Although the records contain pictures, none belong in the copy: restate word for word only the lines from the one with "11月27日,中国药科大学与" through the one with "Одновременно нужно начинать", both included.
** Exercise data follows **
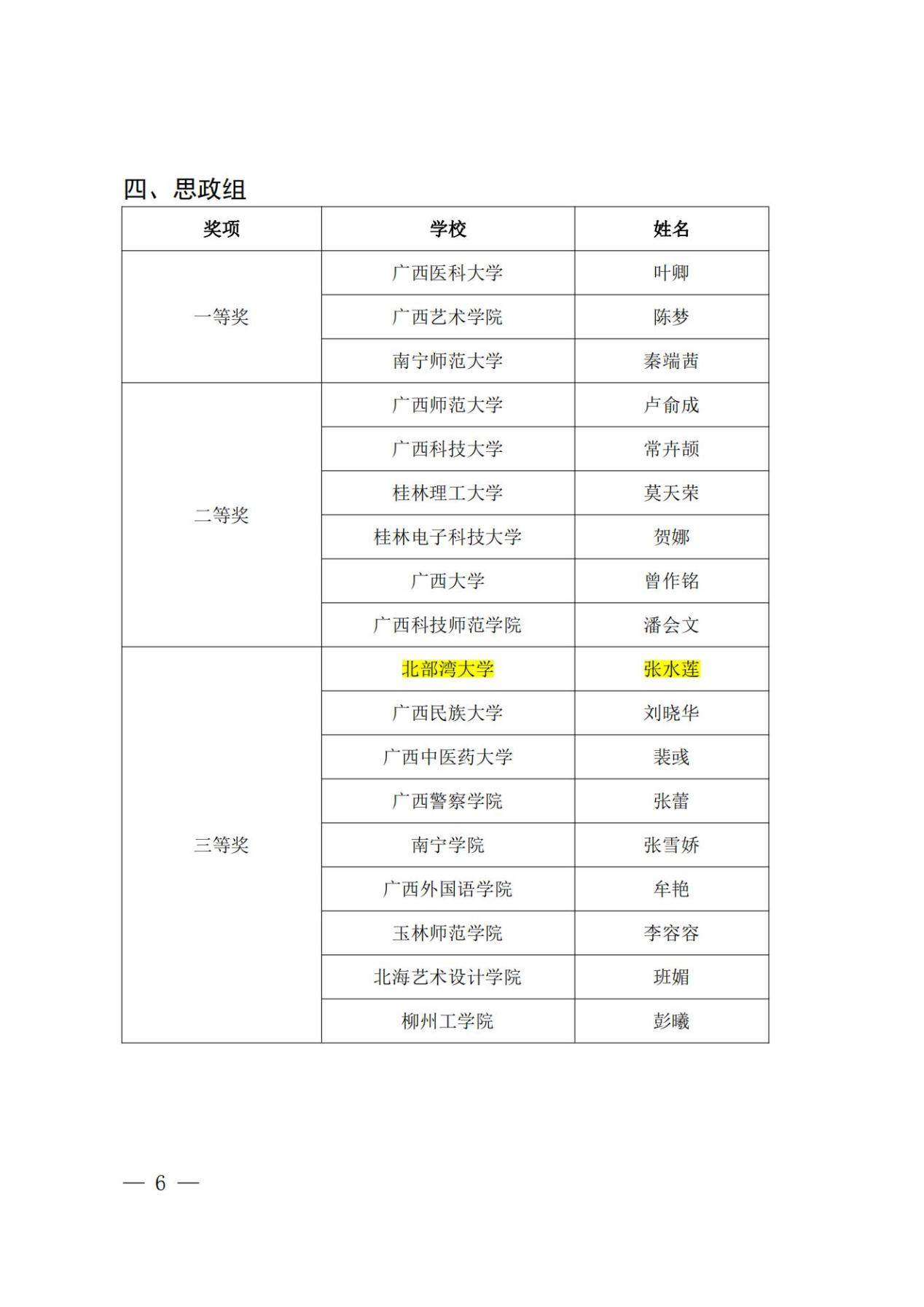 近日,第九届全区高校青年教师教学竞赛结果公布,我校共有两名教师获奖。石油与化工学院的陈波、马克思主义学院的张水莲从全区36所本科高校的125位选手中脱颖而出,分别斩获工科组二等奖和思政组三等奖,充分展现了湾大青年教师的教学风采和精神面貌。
** End of Exercise data **
** Exercise data follows **
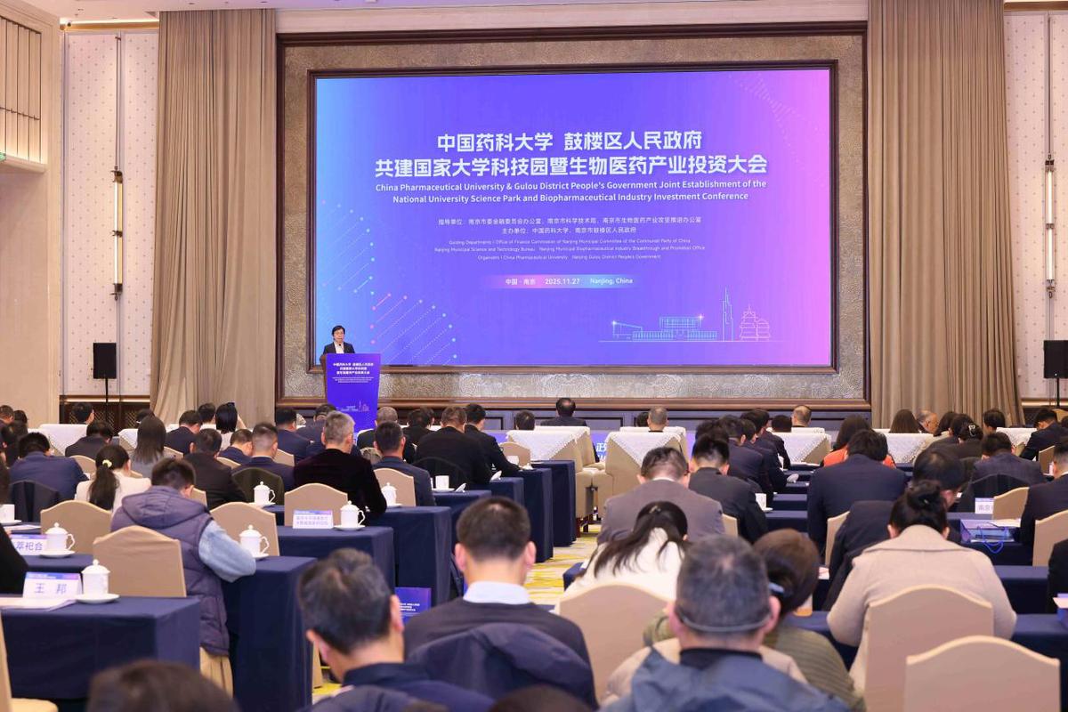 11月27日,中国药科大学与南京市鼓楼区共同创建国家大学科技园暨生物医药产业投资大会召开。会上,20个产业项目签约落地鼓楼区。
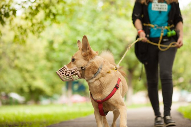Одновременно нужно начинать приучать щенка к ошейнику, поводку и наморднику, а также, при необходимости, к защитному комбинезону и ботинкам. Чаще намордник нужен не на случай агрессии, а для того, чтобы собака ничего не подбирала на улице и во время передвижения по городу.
** End of Exercise data **
** Exercise data follows **
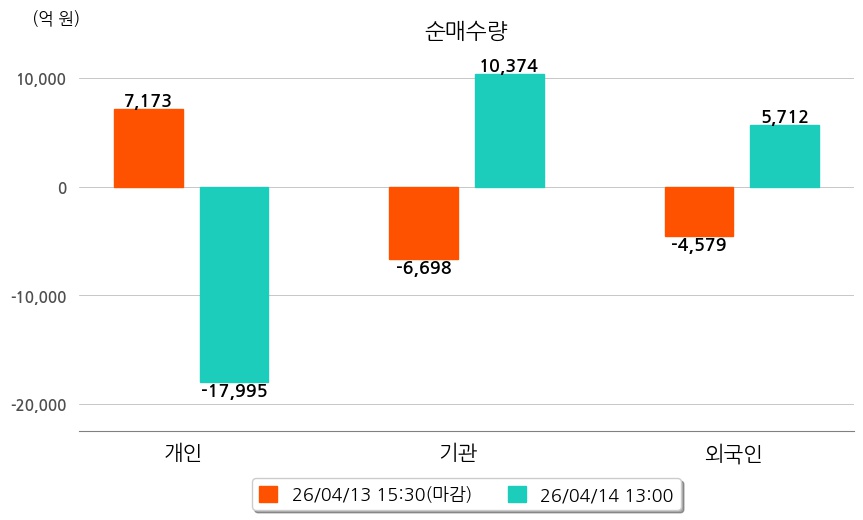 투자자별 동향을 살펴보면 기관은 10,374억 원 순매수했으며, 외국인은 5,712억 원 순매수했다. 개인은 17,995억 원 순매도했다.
** End of Exercise data **
Answer section >>
 11月27日,中国药科大学与南京市鼓楼区共同创建国家大学科技园暨生物医药产业投资大会召开。会上,20个产业项目签约落地鼓楼区。
Одновременно нужно начинать приучать щенка к ошейнику, поводку и наморднику, а также, при необходимости, к защитному комбинезону и ботинкам. Чаще намордник нужен не на случай агрессии, а для того, чтобы собака ничего не подбирала на улице и во время передвижения по городу.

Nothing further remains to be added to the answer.